Alex Baldwin

Investigation is ongoing

Santa Fe County, N.M. authorities this week continued their investigation of the on-set shooting death of cinematographer Halyna Hutchins by actor Alec Baldwin, saying it was too early in the probe to comment on whether criminal charges will be filed. The sheriff said there appeared to be a sense of “complacency’’ on the set regarding safety measures.

Sheriff Adan Mendoza also said more than 500 rounds of ammunition —apparently a mix of blanks and dummy rounds, along with some suspected live ammunition— are among the 600 pieces of evidence that have been gathered so far in the investigation.

Additionally, Mendoza said “We believe that we have in our possession the firearm that was fired by Mr. Baldwin. This is the firearm we believe discharged the bullet.’’

The sheriff also confirmed that a lead projectile that was apparently fired from the gun wielded by Baldwin was recovered from film director Joel Souza’s shoulder, indicating that the weapon that had been declared safe by an on-set assistant director was actually loaded with a live round.

“In reference to possible charges, it’s too early right now in the investigation to comment on charges at this point,’’ Mendoza said.

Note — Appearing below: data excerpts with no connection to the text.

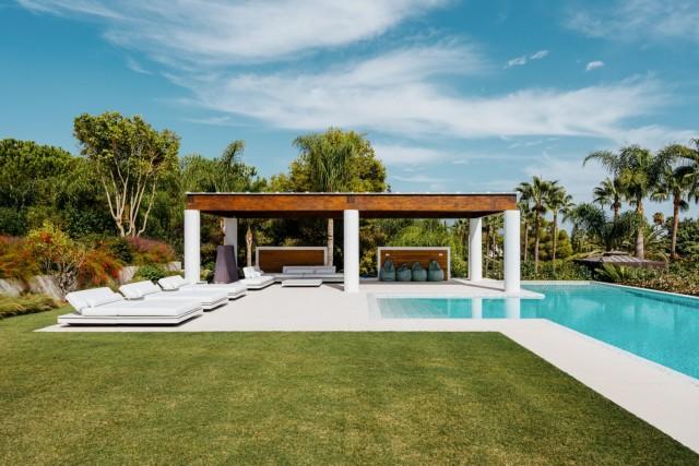 The gorgeous accommodation features living, seating and dining areas both inside and al fresco, a fully-fitted, superbly equipped modern kitchen with a central island and informal dining area. A separate dressing room will host your designers’ collections. The entertainment areas offer everything you can expect from a genuinely luxury house: SPA with an indoor swimming pool, among many others. Great outside area with a spacious swimming pool, outrageous water objects and mature subtropical landscaped gardens keep the same style and evoke the feeling of beauty and harmony. We can assure you you’ve never seen a pool and garden like this one!
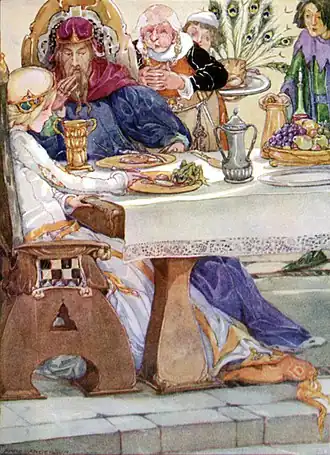 De verloste prins geeft in deze versie zijn prinses bij zijn afscheid een doek met zijn naam geschreven in rood, wat zwart zal veranderen als hij haar ontrouw is.
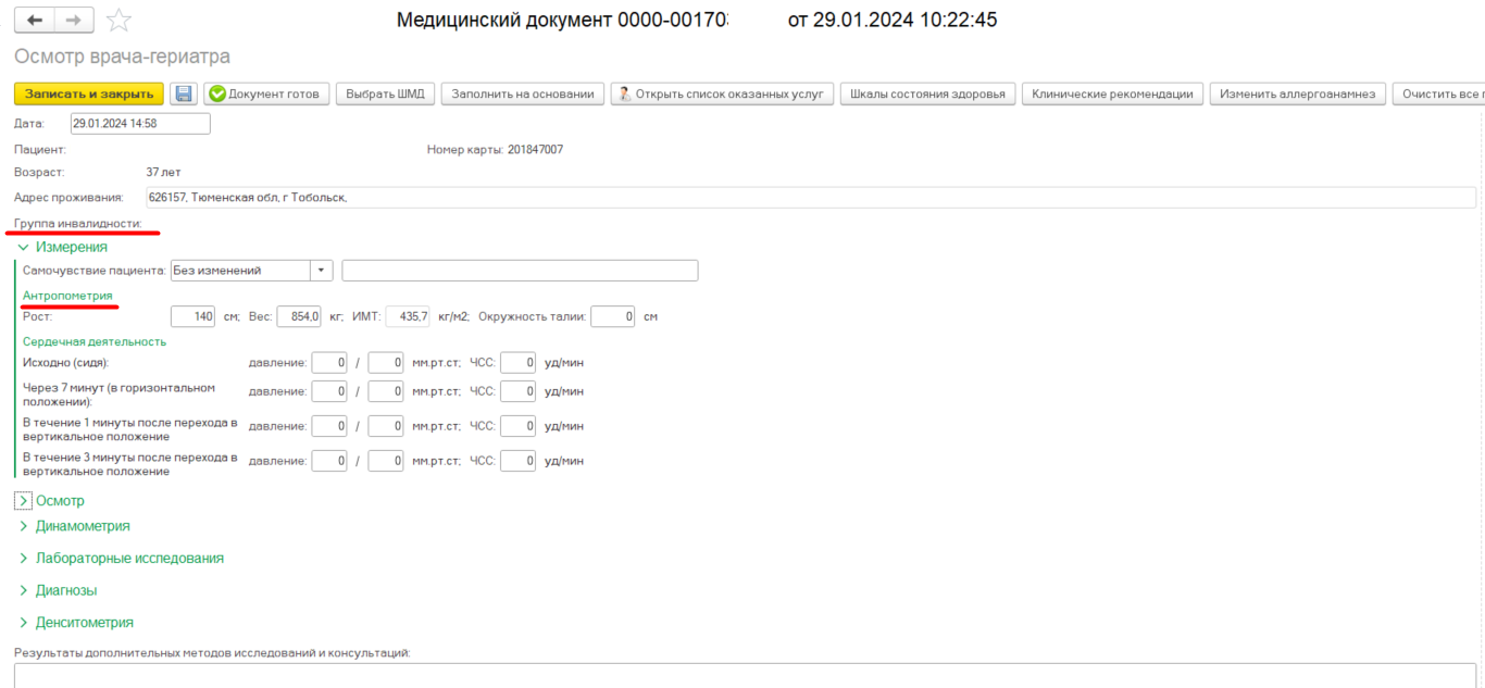 Группа-инвалидности и Антропометрия подтягивается автоматически, если в ОДП имеются данные.
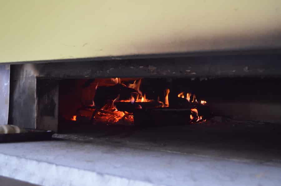 Molto Pizza’s oven has a mix of wood and coal: the wood adds a bit of flavor and the coal gives it the heat.

“The investigation will continue, and if the sheriff’s office determines during our investigation a crime has occurred and probable cause exists, an arrest or arrests will be made and charges will be filed. Otherwise we will complete our investigation and forward the full investigation and evidence to the District Attorney for review,’’ the sheriff said.

Santa Fe County District Attorney Mary Carmack-Altwies, likewise, said it’s too early in the investigation to comment on charges, but that all options are on the table and no one has been ruled out.

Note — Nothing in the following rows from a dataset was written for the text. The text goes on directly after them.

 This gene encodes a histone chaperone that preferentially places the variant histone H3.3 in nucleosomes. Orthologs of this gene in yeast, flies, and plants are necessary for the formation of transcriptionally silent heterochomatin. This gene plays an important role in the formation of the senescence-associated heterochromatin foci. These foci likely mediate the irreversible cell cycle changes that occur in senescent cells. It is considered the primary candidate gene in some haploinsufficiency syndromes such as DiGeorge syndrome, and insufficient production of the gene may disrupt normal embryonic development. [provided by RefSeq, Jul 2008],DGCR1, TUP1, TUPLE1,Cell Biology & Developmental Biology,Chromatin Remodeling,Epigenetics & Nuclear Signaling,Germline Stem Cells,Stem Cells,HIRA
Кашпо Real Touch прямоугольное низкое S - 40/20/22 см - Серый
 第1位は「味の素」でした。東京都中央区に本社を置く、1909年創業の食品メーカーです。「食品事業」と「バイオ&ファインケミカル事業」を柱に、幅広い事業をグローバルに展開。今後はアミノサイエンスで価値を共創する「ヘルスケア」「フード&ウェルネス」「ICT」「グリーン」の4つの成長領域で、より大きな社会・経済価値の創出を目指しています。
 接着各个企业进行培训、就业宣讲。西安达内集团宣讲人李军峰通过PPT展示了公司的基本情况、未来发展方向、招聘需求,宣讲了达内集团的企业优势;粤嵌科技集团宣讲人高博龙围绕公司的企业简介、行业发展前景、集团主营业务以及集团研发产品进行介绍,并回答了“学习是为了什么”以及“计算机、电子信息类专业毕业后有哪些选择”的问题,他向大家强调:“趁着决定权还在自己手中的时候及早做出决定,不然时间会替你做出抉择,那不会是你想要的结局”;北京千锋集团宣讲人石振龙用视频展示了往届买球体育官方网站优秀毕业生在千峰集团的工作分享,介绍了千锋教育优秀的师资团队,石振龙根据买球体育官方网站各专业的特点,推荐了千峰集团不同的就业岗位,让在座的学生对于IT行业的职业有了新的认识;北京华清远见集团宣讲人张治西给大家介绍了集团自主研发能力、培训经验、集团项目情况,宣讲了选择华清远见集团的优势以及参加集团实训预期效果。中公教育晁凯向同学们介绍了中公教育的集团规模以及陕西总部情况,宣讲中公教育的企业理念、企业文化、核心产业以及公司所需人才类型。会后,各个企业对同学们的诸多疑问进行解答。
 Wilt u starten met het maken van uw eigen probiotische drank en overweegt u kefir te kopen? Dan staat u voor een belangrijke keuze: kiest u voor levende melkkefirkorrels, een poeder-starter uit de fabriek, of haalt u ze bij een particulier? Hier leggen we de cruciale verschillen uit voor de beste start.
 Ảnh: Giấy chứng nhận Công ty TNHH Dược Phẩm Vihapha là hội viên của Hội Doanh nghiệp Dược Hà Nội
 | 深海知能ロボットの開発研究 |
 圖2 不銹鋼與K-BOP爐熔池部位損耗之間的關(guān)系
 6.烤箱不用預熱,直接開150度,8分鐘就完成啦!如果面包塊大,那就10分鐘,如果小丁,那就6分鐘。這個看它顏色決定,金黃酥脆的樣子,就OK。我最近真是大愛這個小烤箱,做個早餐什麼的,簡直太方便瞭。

She said crew members who handled guns before Baldwin have been interviewed, and will be interviewed again.

Meanwhile, production on the movie “Rust’’ remains suspended.

Baldwin, 63, was rehearsing a scene outside a church on the set of the western “Rust’’ south of Santa Fe, New Mexico, last Thursday when he discharged the prop weapon, killing the 42-year-old Hutchins and injuring Souza, 48.

Practically since the inception of the American motion picture industry, the Antelope Valley has been home to filming westerns. Many of the expected changes in the handling of firearms and ammunition will likely take place here first.